Related pages: VLAN Tagging (802.1Q) | VLANs | VLAN Creation & Management | Router-on-a-Stick | Voice VLAN | Trunk Port Configuration (Step-by-Step) | Assigning VLANs to Switch Ports | Inter-VLAN Routing — Router-on-a-Stick
2. Access Port vs. Trunk Port — Full Comparison
| Aspect | Access Port | Trunk Port |
|---|---|---|
| VLANs carried | Single VLAN | Multiple VLANs (plus native VLAN untagged) |
| Frame tagging | None — frames always untagged to/from device | 802.1Q tags added/removed per VLAN (except native) |
| Typical connected device | PC, printer, IP phone, camera, AP | Switch, router, firewall, hypervisor, WLC |
| Cisco IOS command | switchport mode access |
switchport mode trunk |
| Native VLAN applies? | No | Yes — untagged frames belong to native VLAN |
| Default VLAN | VLAN 1 (unless changed) | Allows all VLANs by default; native VLAN 1 |
| VLAN hopping risk | Low (single VLAN, no negotiation) | Higher if DTP enabled or native VLAN misconfigured |
| DTP involvement | Can negotiate to trunk (if dynamic auto/desirable) | Actively involved in DTP negotiation |
3. 802.1Q VLAN Tagging — How It Works
IEEE 802.1Q is the industry-standard protocol for VLAN tagging on trunk links. When a frame enters a trunk port from the wired network, the switch inserts a 4-byte 802.1Q tag into the Ethernet frame header — after the source MAC address.
802.1Q Tag Structure
Original Ethernet Frame:
┌──────────┬──────────┬──────────┬──────────────────────┐
│ Dst MAC │ Src MAC │ EtherType│ Payload │
│ (6 bytes)│ (6 bytes)│ (2 bytes)│ │
└──────────┴──────────┴──────────┴──────────────────────┘
802.1Q Tagged Frame (trunk):
┌──────────┬──────────┬──────────────┬──────────┬───────────────────┐
│ Dst MAC │ Src MAC │ 802.1Q Tag │EtherType │ Payload │
│ (6 bytes)│ (6 bytes)│ (4 bytes) │ (2 bytes)│ │
└──────────┴──────────┴──────┬───────┴──────────┴───────────────────┘
│
┌───────────┴────────────┐
│ TPID: 0x8100 (2 bytes) │ Identifies 802.1Q frame
│ TCI: │
│ PCP: 3 bits (QoS) │ Priority Code Point
│ DEI: 1 bit │ Drop Eligible Indicator
│ VID: 12 bits │ VLAN ID (0–4094)
└────────────────────────┘
- TPID (Tag Protocol Identifier): Always 0x8100 — identifies this as an 802.1Q-tagged frame.

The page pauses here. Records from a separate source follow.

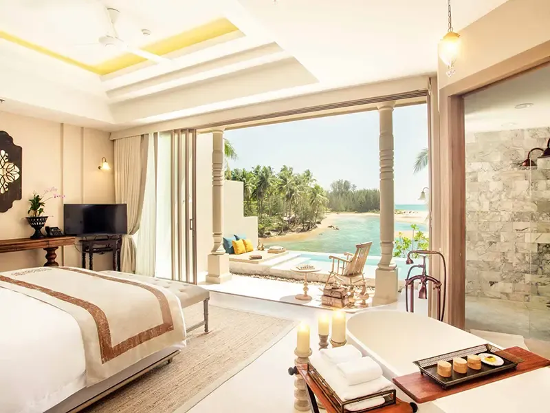 แรงบันดาลใจจากการเดินทางและท้องทะเลที่ถูกถ่ายทอดผ่านทุกรายละเอียดของการดีไซน์ภายใต้รีสอร์ตแห่งนี้ ห้องพักทุกห้องตกแต่งสไตล์โมเดิร์น-โคโลเนียล พร้อมระเบียงที่เปิดรับลมทะเลและทิวทัศน์กว้างไกลของอันดามัน มีไฮไลท์คือ สระว่ายน้ำลากูนขนาดใหญ่ ที่ทอดยาวเชื่อมต่อบาร์และพื้นที่พักผ่อนกลางแจ้ง เติมเต็มวันสุดพิเศษด้วยกิจกรรม Wellness Signature ไม่ว่าจะเป็น โยคะริมสระยามเช้า คลาสพิลาทิสกลางสวน และทรีตเมนต์สปานวดน้ำมันอุ่นพร้อมสมุนไพรท้องถิ่นที่ช่วยฟื้นฟูร่างกายและจิตใจอย่างสมดุล ไปจนถึงห้องอาหาร Rim Talay Restaurant & Bar ที่ให้บริการมื้ออาหารสุขภาพและเมนูนานาชาติหลากหลายให้ได้อิ่มอร่อย พร้อมดื่มด่ำกับสายลมทะเลและเสียงคลื่นยามเย็นที่แสนโรแมนติก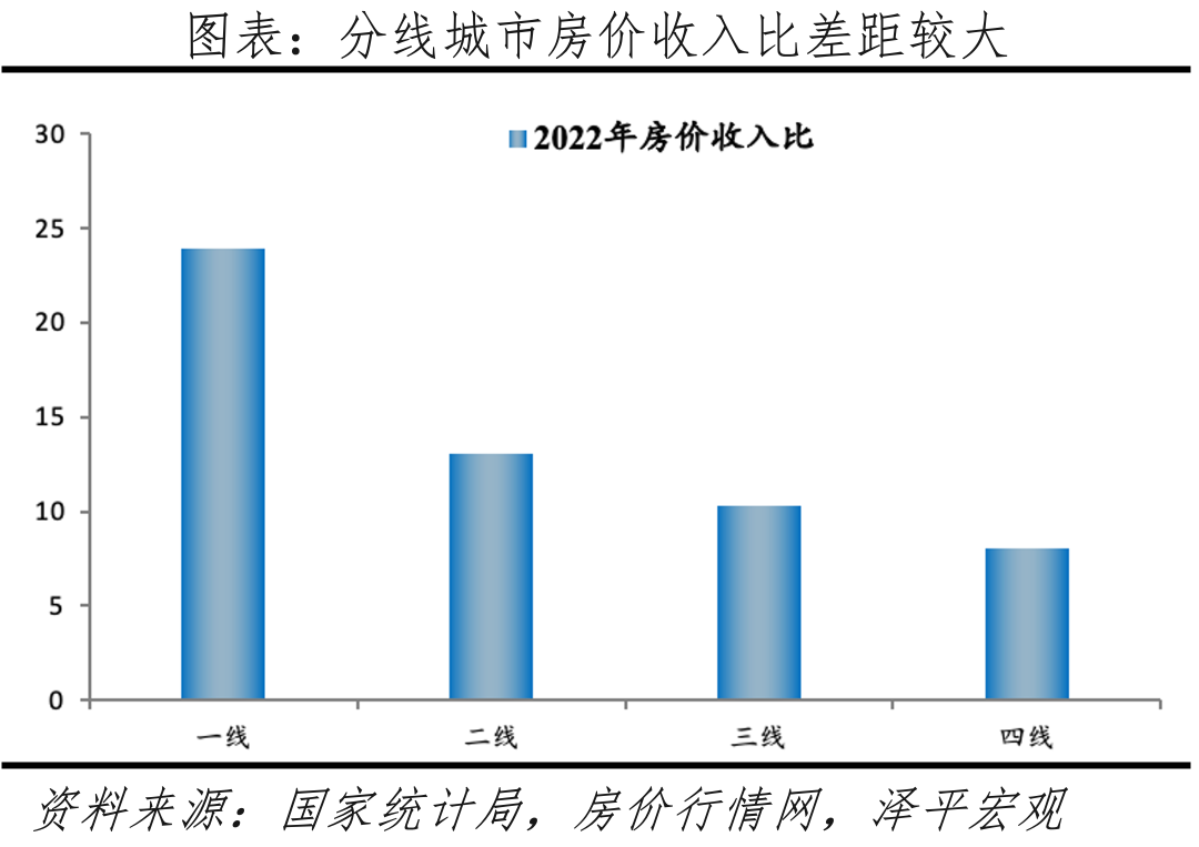 房价收入比方面,2022年,一线、二线、三线、四线城市房价收入比分别为24.0、13.0、10.3、8.1,城市间分化显著,这与全球其他经济体核心城市房价收入比较高的情况一致。具体看,全国房价收入比前十的城市分别为三亚、北京、上海、杭州、深圳、宁德、厦门、福州、丽水、莆田,均位于东部地区,其中三亚为全国旅游城市、房价主要受外来者购房推动。从原则上讲,在供需基本平衡的市场,房价由中位数收入人群决定;在供给明显大于需求的市场,房价由低收入人群决定;在供给明显小于需求的市场,房价则由高收入人群决定。并且,与国外明显不同,因文化传统差异,中国父母对子女的资金支持通常较大,这使得传统房价收入比的度量存在一定偏差。不过,考虑到现实并无更好的指标及数据衡量相对购买能力,本文依然采用房价收入比度量。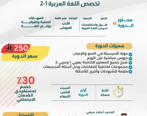 -محاور الدورة • النحو • الصرف • البلاغة • علم اللغة • العروض • الأدب • طرق واستراتيجيات • تدريس اللغة العربي • المهارات الكتابية و القرائ...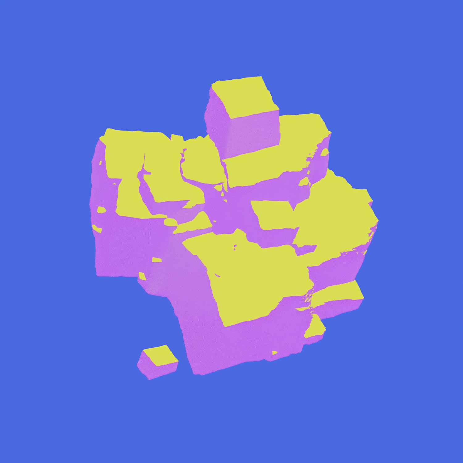 Abstract cubes in vibrant yellow and pink on a bold blue background, creating a striking and modern digital art piece.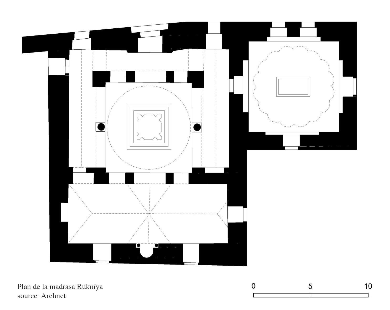 L’émir Rukn al-Dîn Mankuwirish al-Falakî (temporairement commandant de la citadelle à Bosra, m.631/1233) a construit sa madrasa funéraire hanafite dans la partie orientale d’al-Salihîye (aujurd’hui quartier Rukn al-Dîn).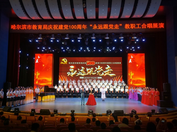 此次合唱展演是哈爾濱市教育局慶祝中國共產(chǎn)黨成立100周年系列活動(dòng)之一,是推動(dòng)黨史學(xué)習(xí)教育走深走實(shí)的生動(dòng)載體,市教育局通過開展參與度高、覆蓋面廣、互動(dòng)性強(qiáng)的展演活動(dòng),營造同慶百年華誕、共創(chuàng)歷史偉業(yè)的濃厚氛圍,凝聚起全市教育系統(tǒng)廣大黨員干部和教職員工永遠(yuǎn)跟黨走、奮進(jìn)新征程的磅礴力量,為建設(shè)黨和人民滿意的教育事業(yè)貢獻(xiàn)教育人的擔(dān)當(dāng),以優(yōu)異成績向黨的百年華誕獻(xiàn)禮。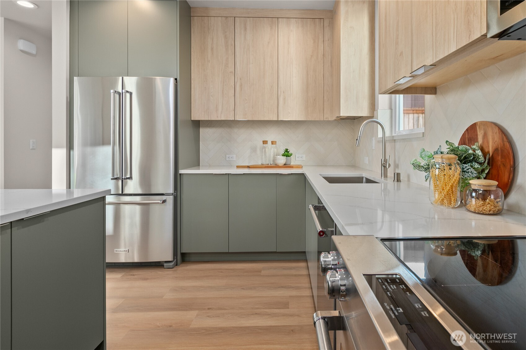 Thoughtfully designed new construction in Seattleās desirable Maple Leaf neighborhood. The entry opens to an inviting open floor plan and a spacious living room filled with natural light and framed by mountain views. The functional kitchen includes stainless steel appliances and plenty of room for cooking and entertaining, with a convenient half bath completing the main floor. Upstairs features two generous bedrooms, each with its own ensuite bath. An attached spacious garage and additional storage space, plus a private yard, provide comfort and everyday convenience.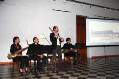 En penumbras. Con sólo una pequeña luz, suficiente para leer las partituras, y una gran pantalla con imágenes de una Villa María de épocas pasadas, se armó el escenario para que el público pudiera disfrutar de la ejecución de piezas musicales de antiguas bandas de música de esta ciudad. El trabajo para producir esa magia estuvo a cargo de un grupo de capacitados artistas integrado por Cecilia Arece en saxo tenor, Mauro Sánchez en saxo alto, Mauricio Alonso en saxo barítono y el propio Sergio Alonso con saxo soprano.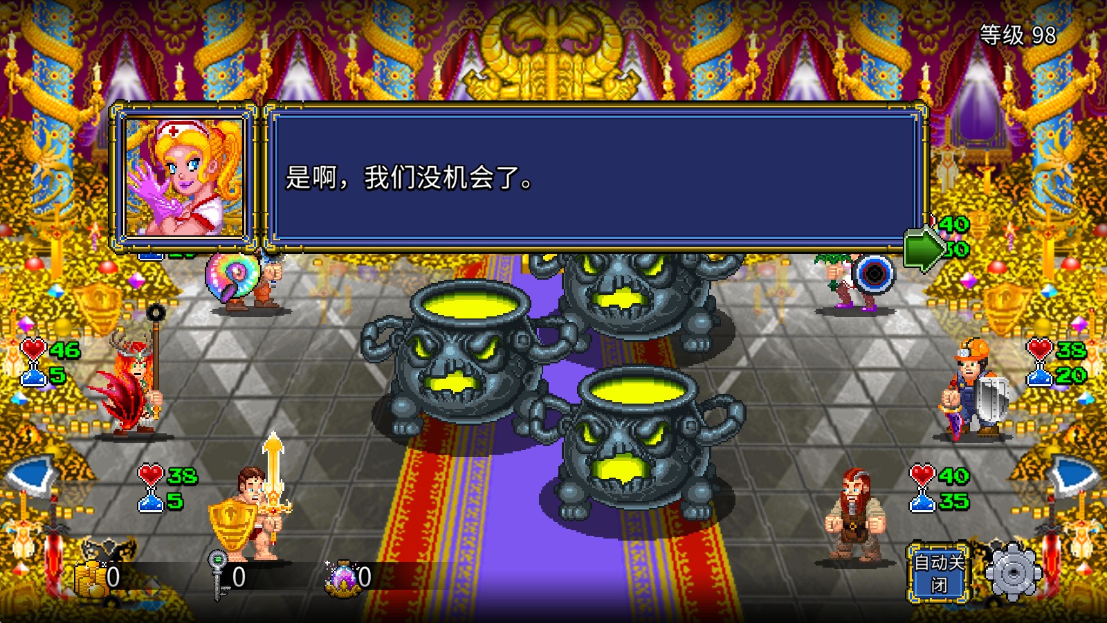 大可不必 -你在酒馆中很安全,只需雇佣一些苏打爱好者替你干那些脏活就好了。用他们带回来的战利品升级你的酒馆,城镇以及军械库,以此吸引更多冒险家,然后再次发起地牢之旅。建立自己的城镇,组建一支强大的队伍,看看你能不能穿过地牢,到达下一个次元以及更多的次元。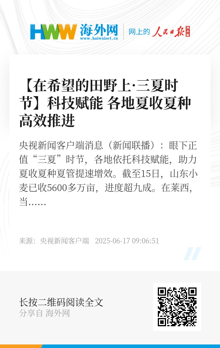 央视新闻客户端消息(新闻联播):眼下正值“三夏”时节,各地依托科技赋能,助力夏收夏种夏管提速增效。

- PCP (Priority Code Point): 3 bits for 802.1p QoS marking — used to prioritize time-sensitive traffic like VoIP.
- DEI (Drop Eligible Indicator): 1 bit indicating whether the frame can be dropped during congestion.
- VID (VLAN Identifier): 12 bits — supports VLAN IDs 0–4095 (0 and 4095 reserved; usable range is 1–4094).
4. Native VLAN — Concept and Security
The native VLAN is a special concept that applies only to trunk ports. Frames belonging to the native VLAN are transmitted untagged across the trunk link — no 802.1Q tag is added. When a trunk port receives an untagged frame, the switch places it in the native VLAN.
- Cisco default native VLAN: VLAN 1 on all trunk ports.
- Native VLAN must match on both ends of a trunk link. A mismatch causes frames to be placed in the wrong VLAN — a common troubleshooting issue that generates CDP warnings.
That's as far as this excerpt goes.